Color 'Honeymooners' tops new DVDs
Gleason, Carney are great in skits from '60s variety show
"The Color Honeymooners, Starring Jackie Gleason: Collection 1" (MPI, 1966-70, not rated, $39.98, three discs). One of the great comedy teams of television was born when Art Carney became Jackie Gleason's second banana in 1950 on the variety show "Cavalcade of Stars." And especially when they demonstrated their amazing chemistry in the first "Honeymooners" skit a year later, with Gleason as hapless Brooklyn bus driver Ralph Kramden and Carney as his neighbor and best friend, sewer-worker Ed Norton characters they would play together on and off over the next two decades in Gleason's various musical-comedy series.

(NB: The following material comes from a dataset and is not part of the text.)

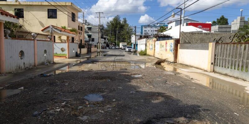 Moradores del Ensanche Quisqueya, Distrito Nacional, demandaron la reparación del tramo de la calle Pedro Albizu Campos con Doctor Fernando Alberto Defilló que está en condiciones deplorables por la cantidad de hoyos y agua estancada.
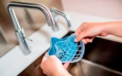 Die Koziol »HI Gesichtsmaske reduziert den AusstoĂź von Partikeln aus der Atemluft des Trägers an die Umgebung und reduziert somit die Ansteckungsgefahr fĂĽr andere. Gleichzeitig schĂĽtzt sie den Träger vor unbedachten BerĂĽhrungen der Lippen, der Nase und des Gesichts, und damit der Selbstinfizierung ĂĽber die Hände. Die Maske besteht aus einem medizinisch geprĂĽften, flexiblen Kunststoff und kann mit dem migelierferten Gummiband auf jede Kopfgröße individuell eingestellt werden. Ein Filter aus Vlies ist im Lieferumfang enthalten. Die Maske wird mit Seife gereinigt (auch spĂĽlmaschinengeeignet). Das Filterelement wird ausgetauscht.Â

In 1964, Gleason's show was relocated from New York to Miami, and in 1966, after a nine-year absence, Carney rejoined him and "The Honeymooners" returned. Each week, the color variety "Jackie Gleason Show" was performed live before an audience on a theater stage, just like a stage production; if there was a goof, it stayed in. And from 1966 through 1970, half were devoted to full-hour "Honeymooners" shows, often as musicals with comic songs.
The bulk of this set is a multi-episode trip to Europe, which Norton wins in a cereal-slogan contest, with Sheila MacRae and Jane Keane as their wives. The shows are perhaps a bit old-fashioned, but the old chemistry is still there, and the Gleason/Carney team is still hysterical.
Extras: Full frame, nine episodes, featurette, optional English subtitles, chapters.
"Commander in Chief: Inaugural Edition, Part 1" (Touchstone, 2005-06, not rated, $37.99, two discs). Geena Davis is well-cast as the first woman president, and the first few shows are good, but it rapidly deteriorated in quality, leading to its cancellation after only 18 episodes.
Extras: Widescreen, 10 episodes, chapters.
"Family Affair: Season 1" (MPI, 1966-67, not rated, $39.98, five discs). This amusing half-hour family sitcom benefits greatly from the presence of a pair of savvy and charming veterans, Brian Keith, as a swinging well-to-do bachelor in Manhattan, and his faithful manservant, played by Sebastian Cabot. Turning their lives upside-down are three newly orphaned children . . . and you can guess the rest. Among the kids is local favorite Johnnie Whitaker.
Extras: Full frame, 30 episodes, making-of featurette, chapters.